通信教育の特徴は、教材を自宅で自習し、国家試験などのテストに合格することです。

通信制高校も基本は巷の通信教育と同じです。
「自宅で自習し」レポートを提出し、単位認定試験に合格するのですから。
(ただし、通信制高校は、これにスクーリングが加わります)

言うなれば高校の通信制課程で学ぶのは実質的に全員が在宅コースという状態だったわけです。

しかし、ひとりで学習を続けるのは大人でもやる気を維持するのが難しいです。
通信制高校を3年間で卒業できる生徒は、半数以下でした。
そこで2000年前後から「サポート校」と呼ばれる教育施設が増えてきました。

これは通信制高校から委託を受け、通信制の生徒に学習や進路指導を行う、塾のような存在です。
(実際、塾が副業的に昼間の空いている時間を利用するケースが多くあります)
塾ですから通信制高校とは別途の費用が必要となります。

しかし費用は高くなっても効果は抜群でした。
サポート校にも通う生徒の卒業率は90%を超えるのが普通です。
だから通信制高校の生徒が増え、サポート校も増えてきた、という歴史があります。

さて、ここで生徒の需要が二つの層に分かれることになります。

費用は高くても対面指導を受けたい
対面指導は無しで安くおさえたい
前者を通学コース、後者を在宅コースと呼ぶようになってきました。

在宅コースは教材を自分で勉強して紙の提出物を郵送、というスタイルでした。
近年はIT機器(スマホ・タブレット等)やネット環境が進歩しました。

そして教材も提出もネットを介して行うことが可能になりました。
そこで在宅コースがオンラインコースとも呼ばれるようになったのです。

オンラインコースはネットコースとも呼ばれることがあります。
ただ、本質的なポイントはひとつです。
対面での人による指導が無いコース、ということです。

3. オンラインは双方向で意味がある

3.1 一方向(受け身)のオンラインではダメ

オンラインに期待しすぎてはいけません。
私が高校生の学習塾を経営していたとき、オンライン配信授業を実際に使った経験をお伝えします。

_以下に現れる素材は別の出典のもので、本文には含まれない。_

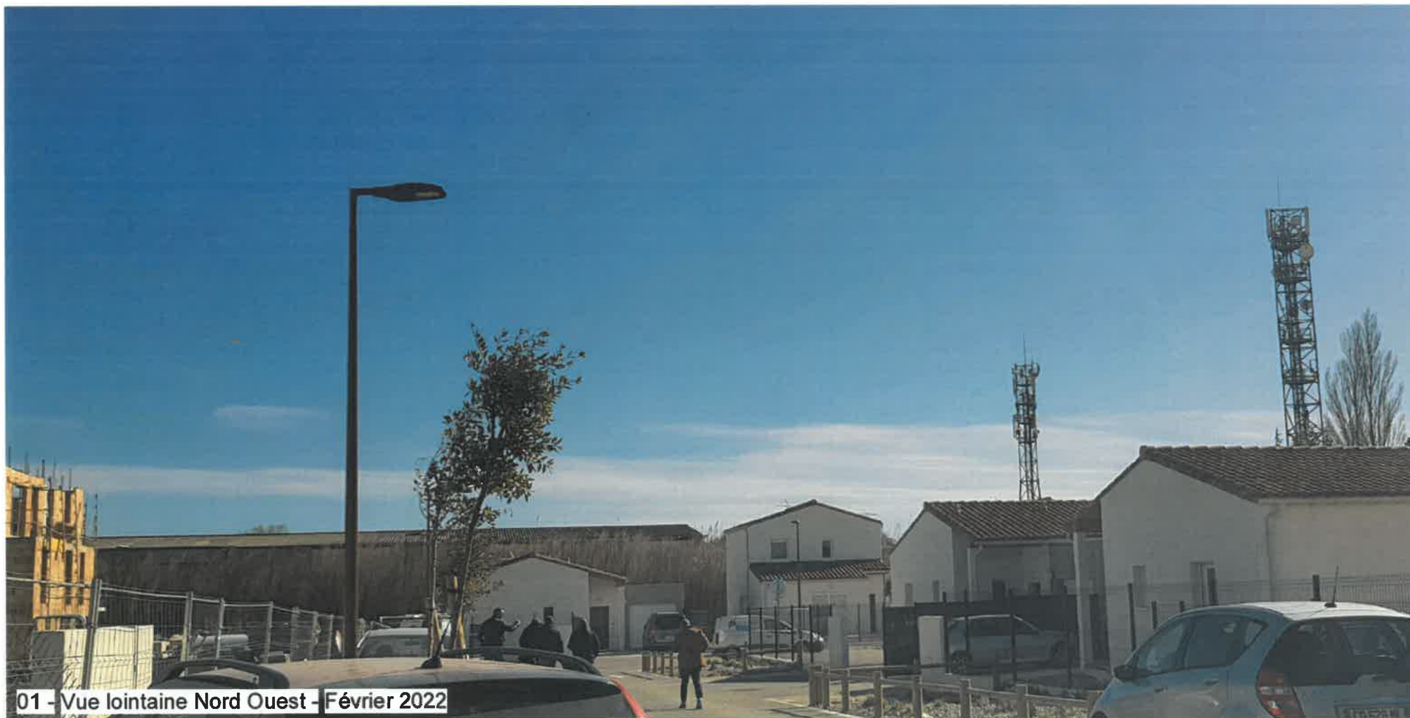
01 - Vue lointaine Nord Ouest - Février 2022

大学受験予備校のオンライン配信の90分授業を取り入れてみました。
その結果は…大半の生徒は眠くなってしまいました。

次に短い45分授業が売りのシステムに変更しました。
やはり…大半の生徒は眠くなりました。

最後に1コマ3分授業のシステムを使ってみました。
生徒は眠くはならないですが先生の指導を求めました。

そうです、生徒はパソコンだけでは勉強が続かないのです。
生身の「人」の指導を求めるものなのです。

オンライン学習であればYou Tubeに良質の無料動画が大量にあります。
でも、それだけで成績が上がったという話は聞いたことがないです。

3.2 双方向のツールとして使ってこそ効果有り

私の娘の旦那さんは、私立大学の付属高校の教員です。
コロナ禍の2年くらい前から既に生徒にタブレットは行き渡っていました。

使い方は、オンライン学習や調べごとだけではありません。
課題の提出や、先生への質問、クラス内のコミュニケーション等にも使われてきました。
(その上で、教室での授業が行われてきました)

だからコロナ禍の緊急事態宣言で教室閉鎖になっても影響は最小限で済んだようです。
ポイントはタブレットが一方的な配信ではなく先生・生徒の双方向のコミュニケーションの道具として有効に使われてきたからと思われます。

4. まとめ

通信制高校が「オンラインを売り」にしている場合、次のことを確認しましょう。

課題提出がタブレット等で出来る、という意味なら、普通のことです。

オンラインが在宅コースを意味するならば、お子様に向いているかを見極めましょう。
ひとりでオンライン学習を続けるのは難しいことです。

オンラインが双方向のコミュニケーションの道具として使われている場合。
効果的な使い方ですが、それで成績が上がるわけではありません。

生徒は常に人による対面指導を求めているものです。
それを効率化するひとつの手段としてオンラインが存在するのです。

最後までお読みいただき、ありがとうございました。